Working as part of an international team in North America and West Africa, a researcher at The Scripps Research Institute (TSRI) has published new findings showing the ancient roots of the deadly Lassa virus, a relative of Ebola virus, and how Lassa virus has changed over time.

This transmission electron micrograph (TEM) depicted numbers of Lassa virus virions adjacent to some cell debris. Image/C. S. Goldsmith
This transmission electron micrograph (TEM) depicted numbers of Lassa virus virions adjacent to some cell debris. Image/C. S. Goldsmith

“This gives us a clear view of how the virus is evolving, which is important to know as we develop vaccines and therapies,” said TSRI biologist Kristian G. Andersen, a lead author of the new study.

At least 5,000 people die each year from Lassa fever. The virus is spread through contact with urine and droppings from infected Mastomys natalensis rodents (which are a natural “reservoir” of the virus)—and the disease can spread from human to human.

In the new study, published August 13 in the journal Cell, the team—whose senior members included Pardis Sabeti and Joshua Levin of Harvard University and the Broad Institute, Robert F. Garry of Tulane University and Christian Happi of Nigeria’s Irrua Specialist Teaching Hospital and Sierra Leone’s Kenema Government Hospital—used a technique called next-generation sequencing to analyze genomes of Lassa virus samples taken from wild Mastomys natalensis and human patients in Nigeria and Sierra Leone.

Nigeria
Nigeria map/CIA

The genomic data showed that far-flung strains of Lassa virus share a common ancestor that can be traced back more than 1,000 years to an area today known as Nigeria.
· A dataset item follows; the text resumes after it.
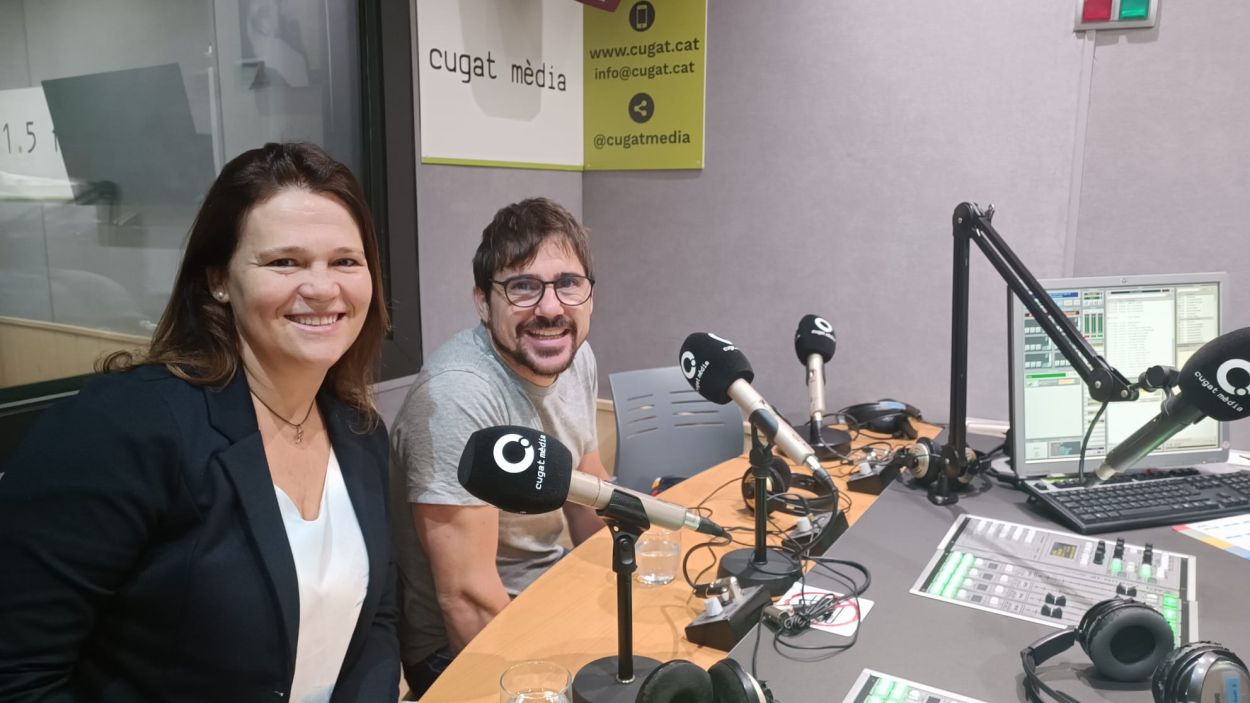 Àngels Jofré i Xavi Arbonès, membres de l’entitat Fem Lindy, als estudis de Ràdio Sant Cugat durant l’entrevista / Cugat Mèdia

This surprised the researchers, as Lassa fever was first described in Nigeria in 1969. “The virus has very ancient roots,” said Andersen.

The researchers found that the virus spread out of Nigeria about 400 years ago and over the past couple of hundred years moved into Guinea, Liberia and Sierra Leone—the same part of the world where the largest outbreak of Ebola virus has been raging since 2013. As Lassa virus spread, the virus mutated and seemed to better adapt to mammalian hosts.
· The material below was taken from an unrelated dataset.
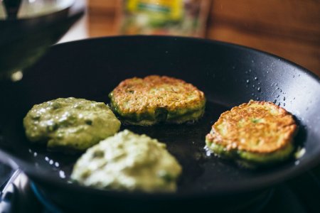Ложкой выкладывать массу на разогретую с растительным маслом сковороду и обжаривать с обеих сторон до золотистой корочки.

The new data also show that most Lassa fever cases are caused by frequent “spillover” infections from the wild rodent reservoir to humans, rather than spreading from human to human. “The reason Lassa hasn’t yet grown into this huge epidemic is because there is limited transmission between humans,” said Andersen. “That’s a major difference between Lassa virus and Ebola virus.”

Andersen noted that local scientists in West Africa were key for this new study and will be crucial for future studies in the region. He views the next step in this research as understanding how the virus mutates within individual hosts as it confronts the immune system.